§ **Work request**: Would you transcribe the whole listing exactly, minus its pictures?

§ **Given information**:
——————

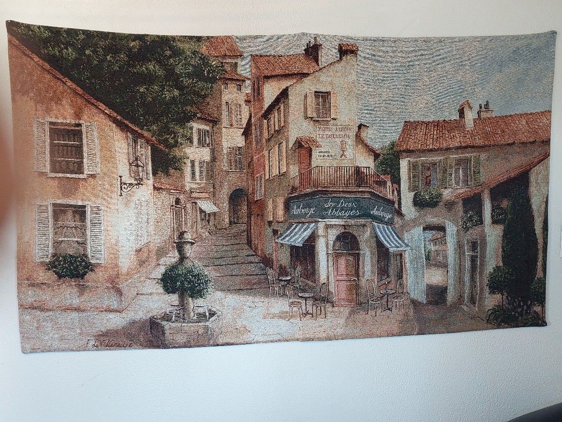 Auberge Dey Deux French street Scene Grande Tapestry Wall Hanging. Beautiful, nothing wrong with it at all. In Great Shape Asking 260.00 OBO
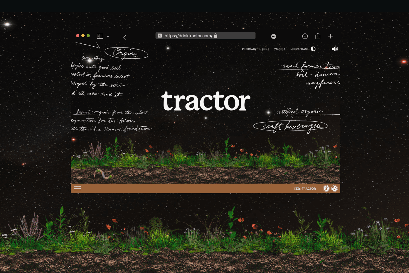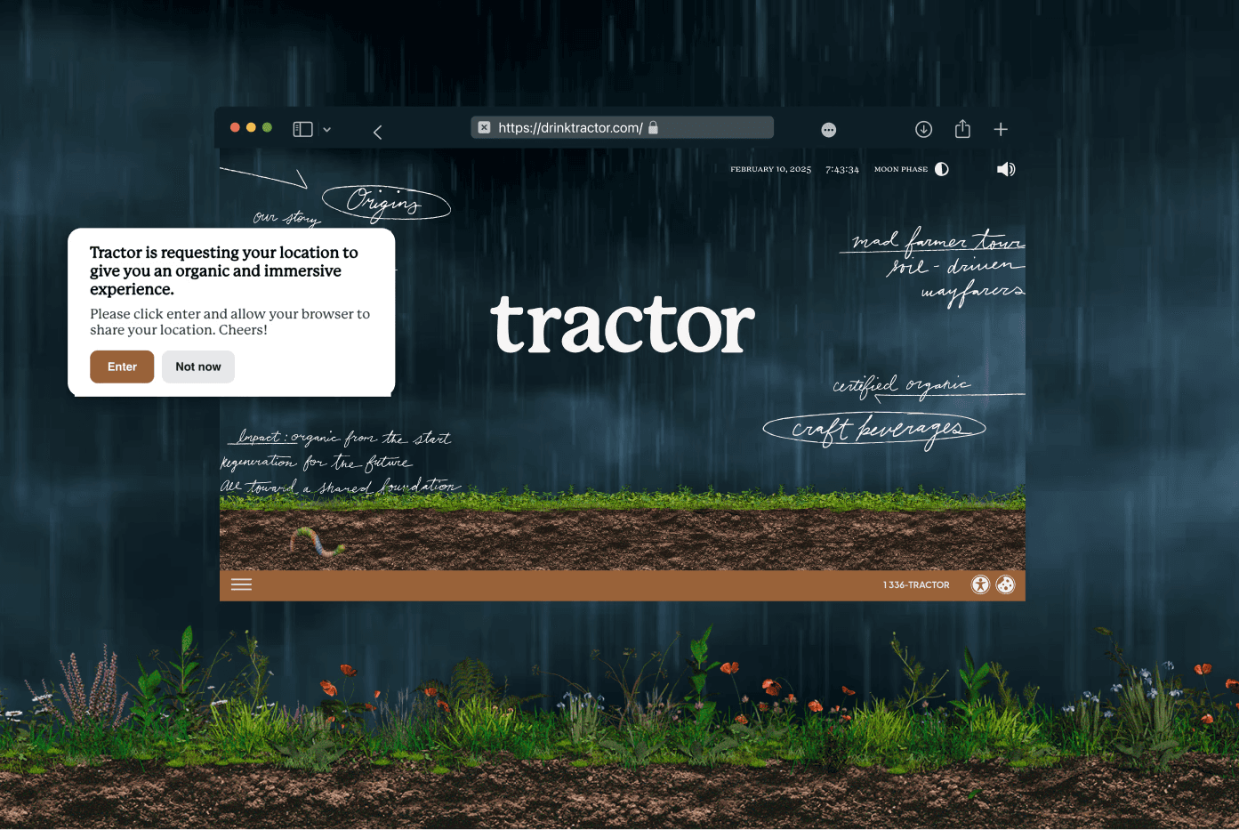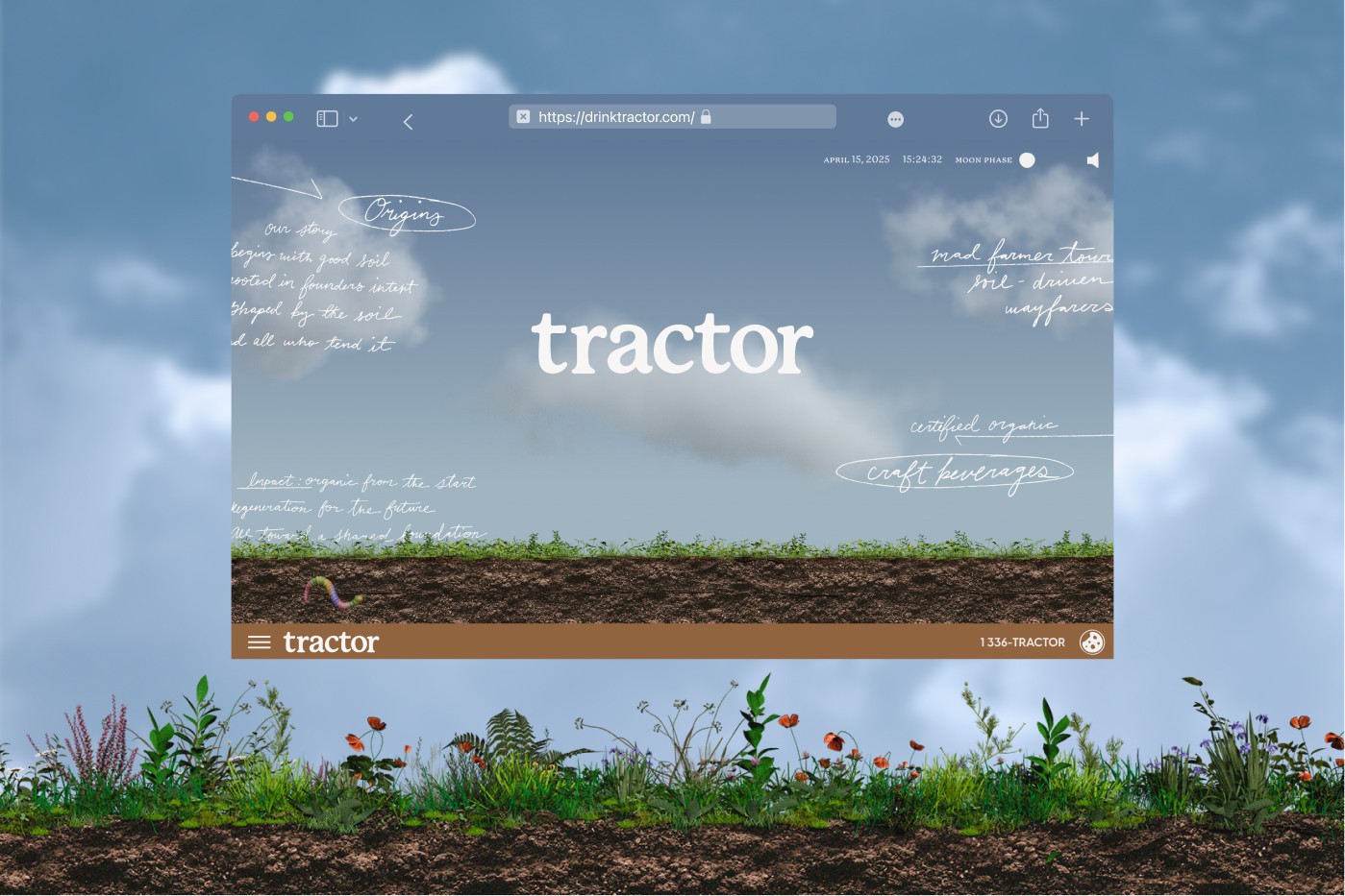 Art Directon, design, and development for Tractor's custom designed Framer site. Site utlizes user-location for a custom immersive experience with weather, seasons, and music.
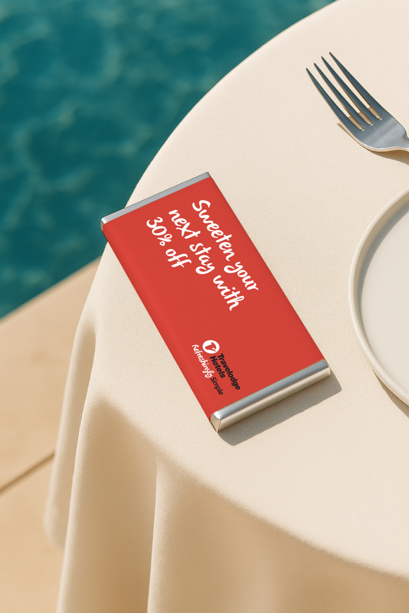 No — all artwork and setup are complimentary. Our design team creates your chocolate bar artwork in-house to ensure it’s perfectly aligned with your hotel’s brand. Prefer to handle design internally? We can share our template for your creative team to use.

——————

§ **Response to this exercise**:
 Auberge Dey Deux French street Scene Grande Tapestry Wall Hanging. Beautiful, nothing wrong with it at all. In Great Shape Asking 260.00 OBO
 Art Directon, design, and development for Tractor's custom designed Framer site. Site utlizes user-location for a custom immersive experience with weather, seasons, and music.
 No — all artwork and setup are complimentary. Our design team creates your chocolate bar artwork in-house to ensure it’s perfectly aligned with your hotel’s brand. Prefer to handle design internally? We can share our template for your creative team to use.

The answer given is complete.